Action item » Would you set down the data that follows, word for word, without any pictures?

Data below »
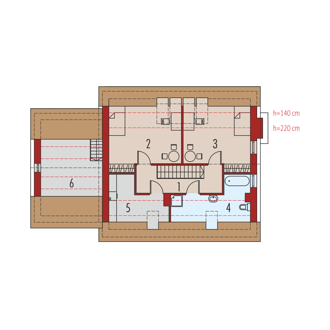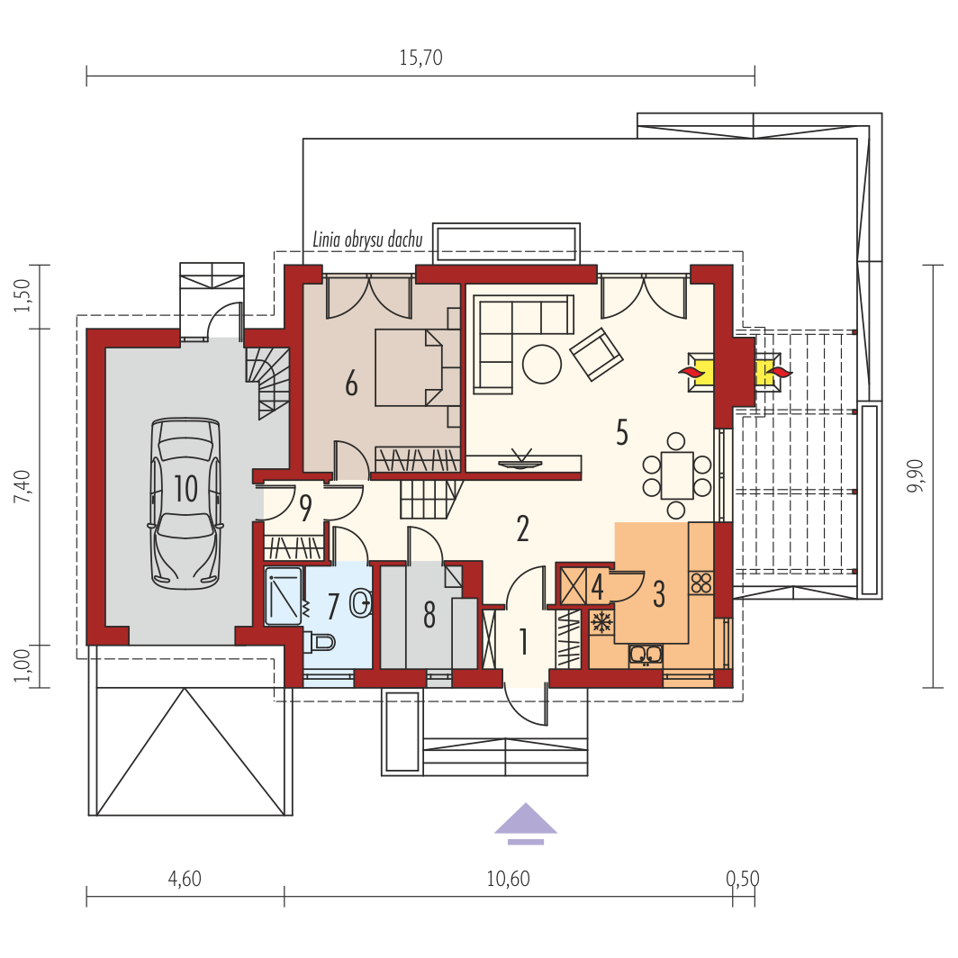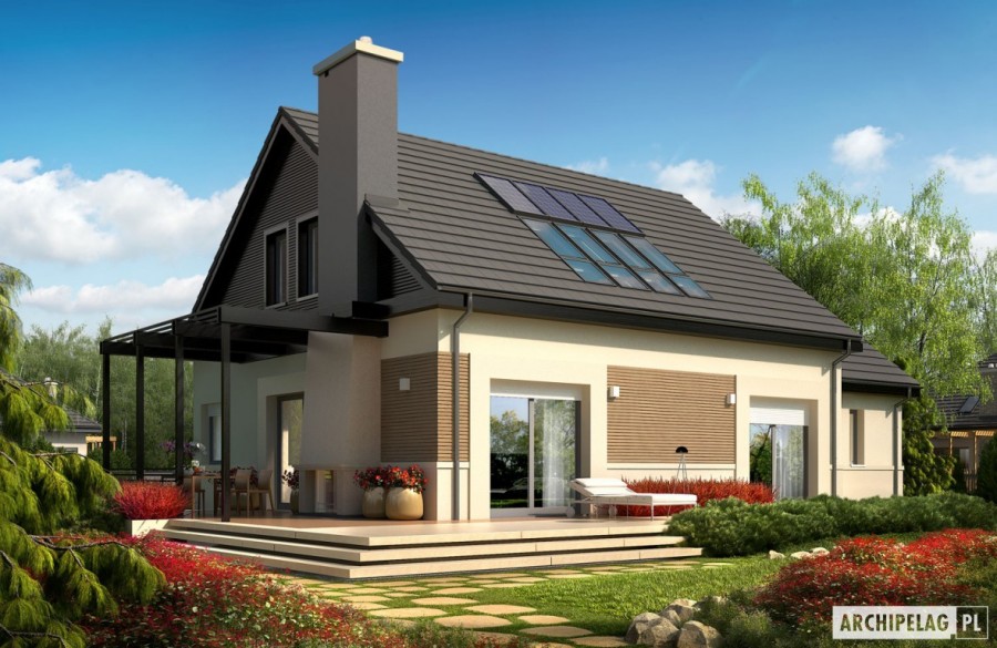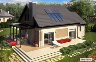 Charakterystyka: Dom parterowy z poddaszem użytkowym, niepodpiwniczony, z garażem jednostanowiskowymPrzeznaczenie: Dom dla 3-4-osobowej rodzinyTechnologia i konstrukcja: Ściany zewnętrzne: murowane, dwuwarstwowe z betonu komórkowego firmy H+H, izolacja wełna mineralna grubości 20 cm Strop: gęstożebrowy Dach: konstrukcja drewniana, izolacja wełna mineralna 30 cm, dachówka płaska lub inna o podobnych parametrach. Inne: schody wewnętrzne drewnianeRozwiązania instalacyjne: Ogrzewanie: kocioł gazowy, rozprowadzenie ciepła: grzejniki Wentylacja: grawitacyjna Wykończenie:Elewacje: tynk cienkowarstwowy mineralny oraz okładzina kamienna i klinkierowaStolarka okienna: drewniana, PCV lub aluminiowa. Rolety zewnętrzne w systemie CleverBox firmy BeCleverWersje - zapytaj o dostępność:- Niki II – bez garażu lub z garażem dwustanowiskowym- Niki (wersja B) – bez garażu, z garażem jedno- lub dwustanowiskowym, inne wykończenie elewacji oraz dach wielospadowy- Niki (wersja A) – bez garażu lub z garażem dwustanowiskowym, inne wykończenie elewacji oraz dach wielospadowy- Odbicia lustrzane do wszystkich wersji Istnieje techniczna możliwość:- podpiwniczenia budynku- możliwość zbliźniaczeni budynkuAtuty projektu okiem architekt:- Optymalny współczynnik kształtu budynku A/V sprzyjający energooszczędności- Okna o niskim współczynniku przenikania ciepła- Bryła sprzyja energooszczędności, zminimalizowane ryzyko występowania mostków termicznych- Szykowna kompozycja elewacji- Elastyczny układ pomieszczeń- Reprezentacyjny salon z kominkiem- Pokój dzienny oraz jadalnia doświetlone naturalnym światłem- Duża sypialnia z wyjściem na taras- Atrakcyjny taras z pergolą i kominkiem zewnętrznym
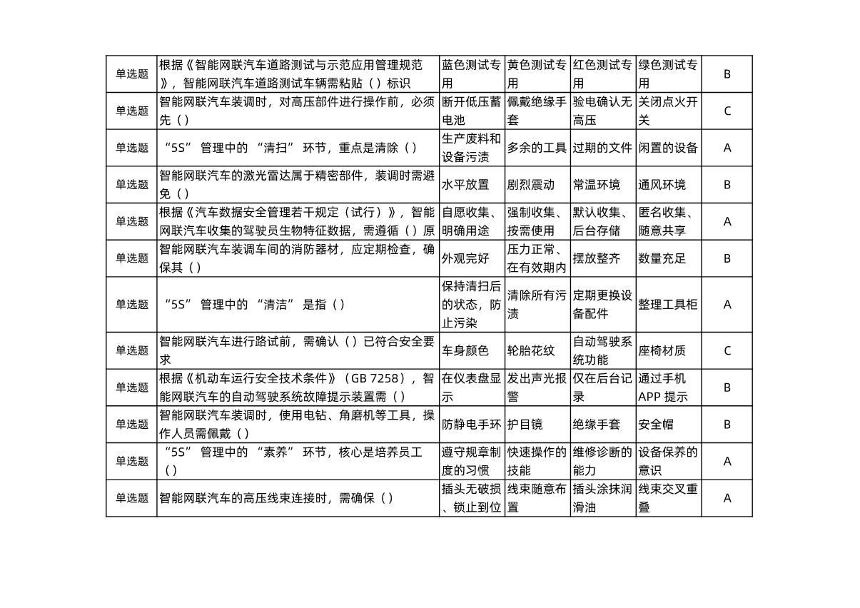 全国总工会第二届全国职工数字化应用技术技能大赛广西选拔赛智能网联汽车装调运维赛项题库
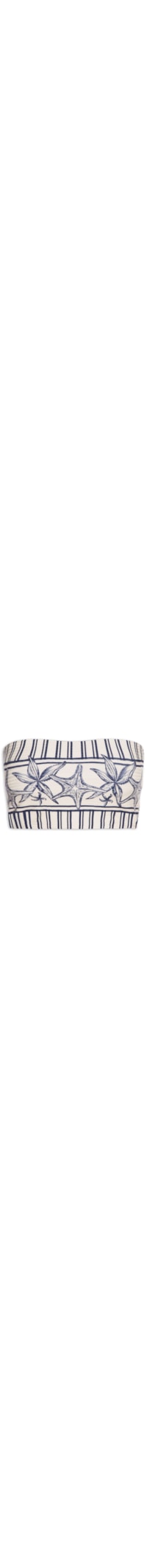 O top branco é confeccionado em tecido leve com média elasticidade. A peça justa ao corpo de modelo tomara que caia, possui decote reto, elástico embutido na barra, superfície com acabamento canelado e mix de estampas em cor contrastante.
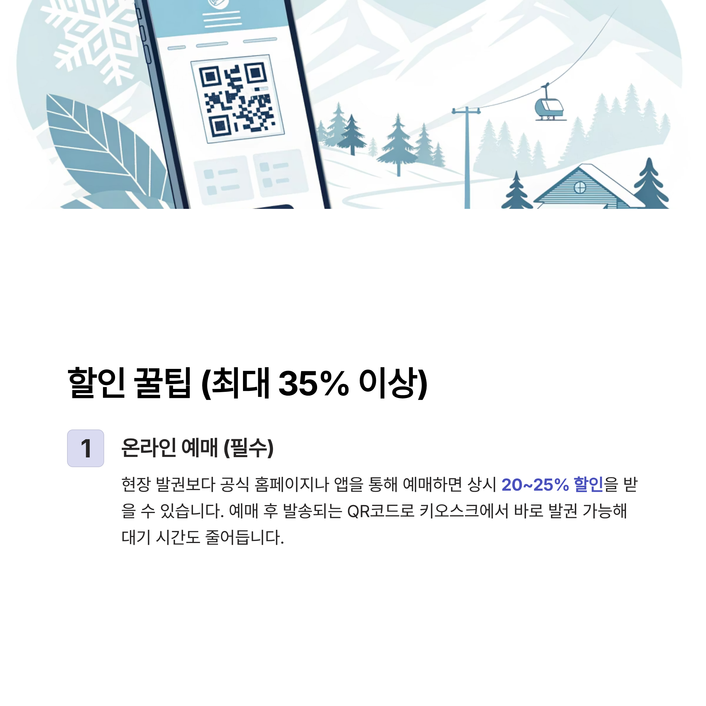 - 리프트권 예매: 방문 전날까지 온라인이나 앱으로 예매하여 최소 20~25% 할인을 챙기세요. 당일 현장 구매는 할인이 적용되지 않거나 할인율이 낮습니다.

Exercise output »
 Charakterystyka: Dom parterowy z poddaszem użytkowym, niepodpiwniczony, z garażem jednostanowiskowymPrzeznaczenie: Dom dla 3-4-osobowej rodzinyTechnologia i konstrukcja: Ściany zewnętrzne: murowane, dwuwarstwowe z betonu komórkowego firmy H+H, izolacja wełna mineralna grubości 20 cm Strop: gęstożebrowy Dach: konstrukcja drewniana, izolacja wełna mineralna 30 cm, dachówka płaska lub inna o podobnych parametrach. Inne: schody wewnętrzne drewnianeRozwiązania instalacyjne: Ogrzewanie: kocioł gazowy, rozprowadzenie ciepła: grzejniki Wentylacja: grawitacyjna Wykończenie:Elewacje: tynk cienkowarstwowy mineralny oraz okładzina kamienna i klinkierowaStolarka okienna: drewniana, PCV lub aluminiowa. Rolety zewnętrzne w systemie CleverBox firmy BeCleverWersje - zapytaj o dostępność:- Niki II – bez garażu lub z garażem dwustanowiskowym- Niki (wersja B) – bez garażu, z garażem jedno- lub dwustanowiskowym, inne wykończenie elewacji oraz dach wielospadowy- Niki (wersja A) – bez garażu lub z garażem dwustanowiskowym, inne wykończenie elewacji oraz dach wielospadowy- Odbicia lustrzane do wszystkich wersji Istnieje techniczna możliwość:- podpiwniczenia budynku- możliwość zbliźniaczeni budynkuAtuty projektu okiem architekt:- Optymalny współczynnik kształtu budynku A/V sprzyjający energooszczędności- Okna o niskim współczynniku przenikania ciepła- Bryła sprzyja energooszczędności, zminimalizowane ryzyko występowania mostków termicznych- Szykowna kompozycja elewacji- Elastyczny układ pomieszczeń- Reprezentacyjny salon z kominkiem- Pokój dzienny oraz jadalnia doświetlone naturalnym światłem- Duża sypialnia z wyjściem na taras- Atrakcyjny taras z pergolą i kominkiem zewnętrznym
 全国总工会第二届全国职工数字化应用技术技能大赛广西选拔赛智能网联汽车装调运维赛项题库
 O top branco é confeccionado em tecido leve com média elasticidade. A peça justa ao corpo de modelo tomara que caia, possui decote reto, elástico embutido na barra, superfície com acabamento canelado e mix de estampas em cor contrastante.
 - 리프트권 예매: 방문 전날까지 온라인이나 앱으로 예매하여 최소 20~25% 할인을 챙기세요. 당일 현장 구매는 할인이 적용되지 않거나 할인율이 낮습니다.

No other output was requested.